Hurry back on Saturday for the next ten albums in The 50 Best Rock Albums of the Decade, 2000-2009, List. I spent a great deal of time the past couple months listening to the albums of this decade, returning to and/or buying (used at Newbury Comics, of course) albums that were recommended to me by my friends, and writing, re-writing, and constantly shuffling this list until it exists as you see it today. As I mentioned before, I encourage you to leave your comments, criticisms, and of course, your own lists!

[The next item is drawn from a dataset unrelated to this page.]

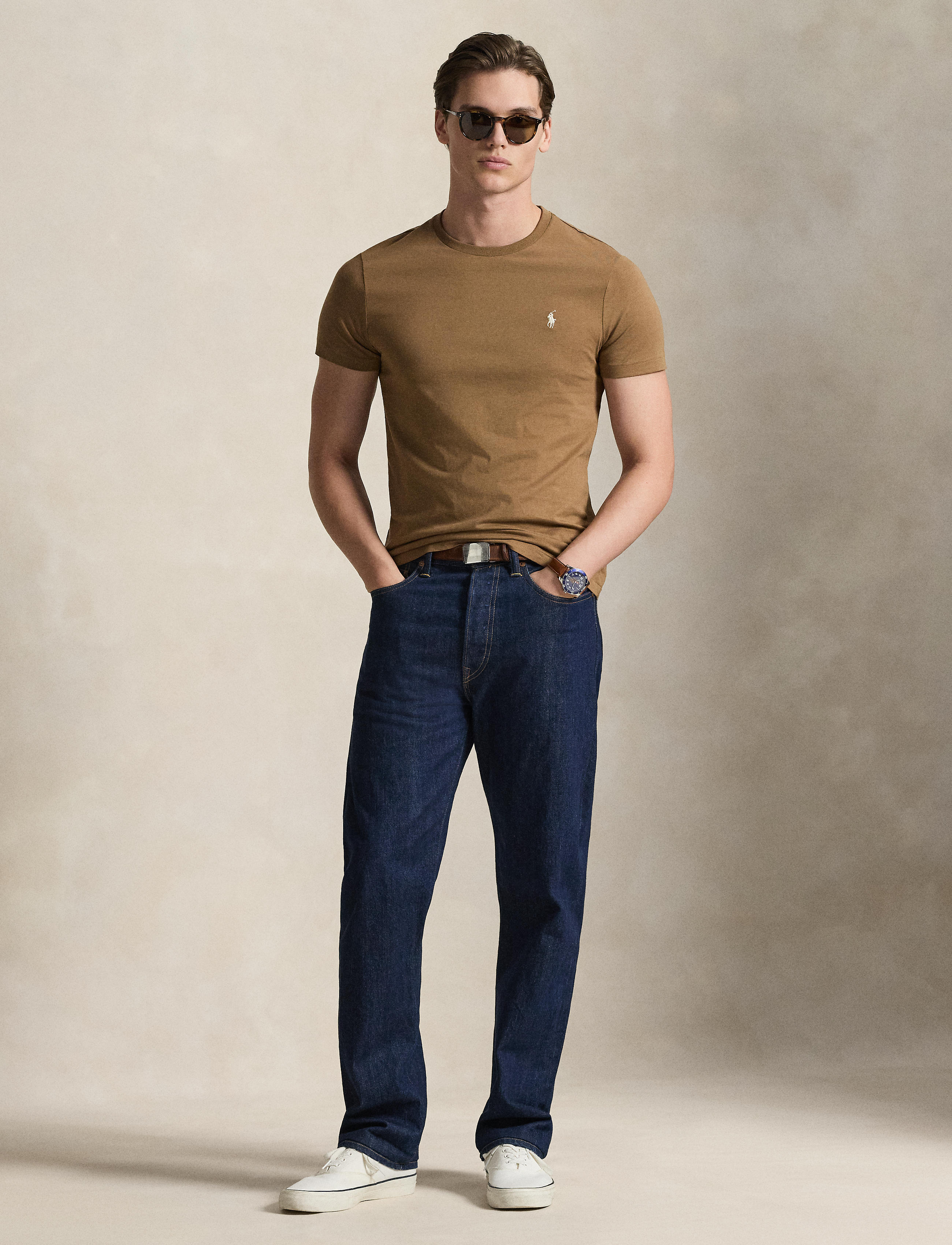 Washed for a perfectly broken-in look and feel, this cotton T-shirt is a Polo essential you’ll reach for again and again. Custom Slim Fit: Slightly fitted through the chest and the waist. Size ... Sjá nánar

21) That Lucky Old Sun (2008) – Brian Wilson: Brian Wilson’s first entirely original album of the decade, That Lucky Old Sun proves in many ways that he still has what it takes to write and arrange not only great songs, but also great albums. Vocally, this album is head, shoulders, and waist above anything being produced by contemporary bands. In many ways, rock music has progressed and been experimented with, but Wilson is still the greatest orchestrator of vocal parts, using voices more as instruments than simply a way to convey words and meaning. Even the spoken word tracks which, on the outside, sound problematic are excellent and truly integral to the feeling and flow of the album. As Ringo Starr has done, Brian Wilson has surrounded himself with some of the best rock musicians and writers available and it is all to the benefit of the music. That Lucky Old Sun — not to be confused with Kenny Chesney’s Lucky Old Sun released later that year — is one of the standout albums of the decade, and proof positive that, even after two great albums that relied on compositions and tracks “from the vault,” Brian Wilson is not finished producing original studio albums. If we’re lucky, we’ll hear another album soon.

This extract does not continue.